Design and Implementation of MDVQS
5. Conclusions
and Future Work
Nowadays, biologists deal with
gigabytes of data as the results of molecular dynamics simulation. To understand
and interpret the molecular dynamics results and to come up with new hypotheses
the user often needs visualization and querying tools to be
interactively involved in the process of visual data mining and querying of the
spatio-temporal data. In this paper, we propose a
novel visual query system for visualization of molecular dynamics simulation
results and visual querying. The system design and its implementation are
described. We propose specific visual queries for visual data analysis in molecular
dynamics. The proposed visual query system is unique and allows us to formulate
spatio-temporal queries that cannot be implemented
directly using any available spatio-temporal database
system and/or molecular visualization program. This paper is the result of
collaborative research and graduate study.
The
results of molecular dynamics simulation are spatio-temporal
data describing the movement of atoms/molecules in molecular system. The
volumes of data are extremely large, and thus it is tedious to sort and process
such data one by one. Usually, it is necessary to study part of the data, for
example, data within a certain region and/or time interval. But existing
systems of molecular visualization and analysis do not provide such geometric
queries. After studying domain of molecular dynamics, and molecular
visualization and analysis systems we developed novel techniques for visual
data mining of time-dependant data using arbitrary shape range querying. In
work [1], a geometric query model for relational databases with implicit
functions [2] was proposed. Then, in works [3], the uniform geometric query
model to handle spatio-temporal data and elaboration
on application of the model for computer simulation analysis in molecular
dynamics were proposed and described. In this paper, we describe design and
implementation of the novel visual query system for molecular dynamics
application named Molecular Dynamics Visual Query System (MDVQS). In our
system, we use function-based model of geometric solid in spatio-temporal
predicate to query spatio-temporal data.
Function-based spatio-temporal predicates firstly
were introduced in work [4]. Thus, proposed visual query system MDVQS allows us
to visualize spatio-temporal data and to pose
time-dependent complex shape queries on spatio-temporal
data. First, the molecular system is visualized for all time frames. Then, the
user analyses the data visually and formulates different geometric hypotheses
that can be tested by posing and implementing spatio-temporal
queries. MDVQS allows us to pose complex shape queries on data changing over
time visually. We introduced three basic types of queries for data analysis in
molecular dynamics. MDVQS was implemented by using 3D computer graphics system
Visualization Toolkit (VTK) [5]. MDVQS was coupled to gOpenMol
system to provide the user with full spectrum of other analysis tools as well.

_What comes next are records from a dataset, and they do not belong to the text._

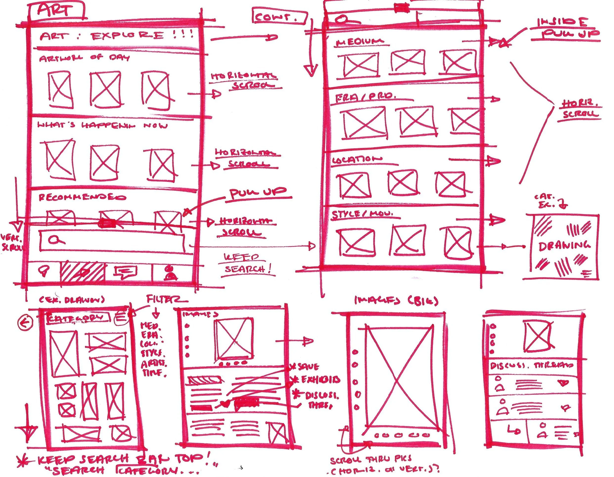 from ideation to drawn prototypes tested by users attempting to complete specific tasks based on user personsas
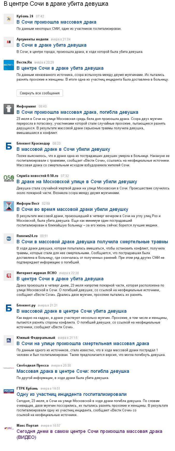 Из любого фуфла новость сделают. Да еще и желтизной припорошат. Новостники вконец охренели, сообщили, что в драке погибла девушка. Сами придумали, сами рассказали, сами получили по башке. Своя атмосфера ))))
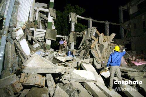 5月13日凌晨,距離四川汶川地震震中直線距離約30公里的四川綿竹市漢旺鎮(zhèn)東方汽輪機有限公司在地震中受損嚴重,死亡人數已超過60人,目前仍有500余人生死不明。東方汽輪機廠廠區(qū)內裂縫嚴重。中新社發(fā) 郭晉嘉 攝
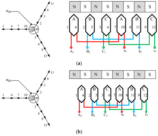 The outer and inner stators are both designed with fractional slots and concentrated windings. Fractional slot windings have advantages over distributed windings because they reduce the end-winding lengths, torque ripple [26], coil volume and copper losses, machine axial length, and increased slot fill factor [27,28]. The calculated slot-per-phase-per-pole q = 1/2 and q < 1. Therefore, a double-layer concentrated winding scheme is adopted for both inner and outer stators, which have two coil sides per slot and separate phases. The slot-vector star method is used to determine the correct coil winding connections shown in Figure 8a,b. The key is to achieve the largest amplitude of the main harmonics in the induced EMF and achieve equal EMF waveform in the three phases. The machine periodicity t can be expressed as:
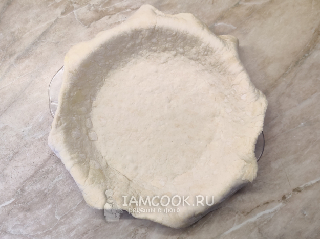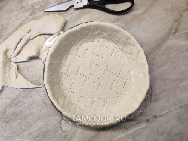Кулинарными ножницами подровняйте тесто по краю, а дно наколите вилкой.
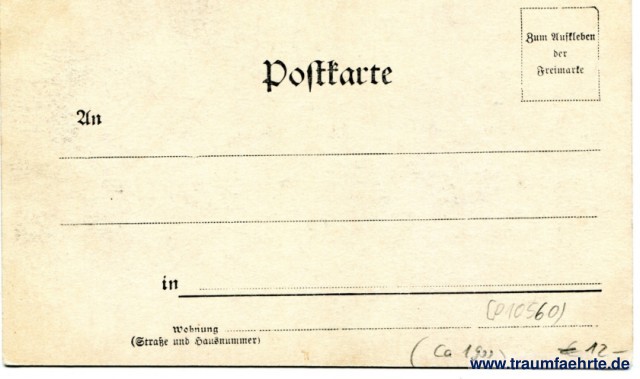 – Details – Jahr: ca. 1900 Status: ungelaufen Beschriftung vorne: Dresden. Hauptbahnhof. No. 9. Beschriftung hinten: Postkarte. ... In ... Wohnung (Straße und Hausnummer) ... Zum Aufkleben der Freimarke Stempel: keine Hinweis:

System gOpenMol [6] is a tool for visualization and
analysis of molecular structures combined with several applications for data analysis.
The
paper is organized as follows. In the next Section, molecular visualization and
analysis system gOpenMol is briefly reviewed. Then, spatio-temporal querying model we use in our system is
introduced in Section
2. Molecular
Visualization and Analysis Systems
Molecular visualization and
analysis systems use advantages of computer graphics, data mining, virtual reality,
and even cognitive psychology to provide biologists with a deep insight into
complex structures, fine features, and obscure patterns in large-scale
datasets. There are different molecular visualization programs with
possibilities for geometry analysis and visualization within existing packages
for molecular dynamics simulation. With VMD [7] and GOpenMol
[6] software systems we can display, animate, and analyze large biomolecular systems using 3-D graphics and built-in
scripting. But structure geometry analysis still could be improved. In VMD [7],
extensive atom selection syntax is implemented but range queries are limited to
a sphere region - “find atoms within 6 Å of (1, -2.3, 0)”.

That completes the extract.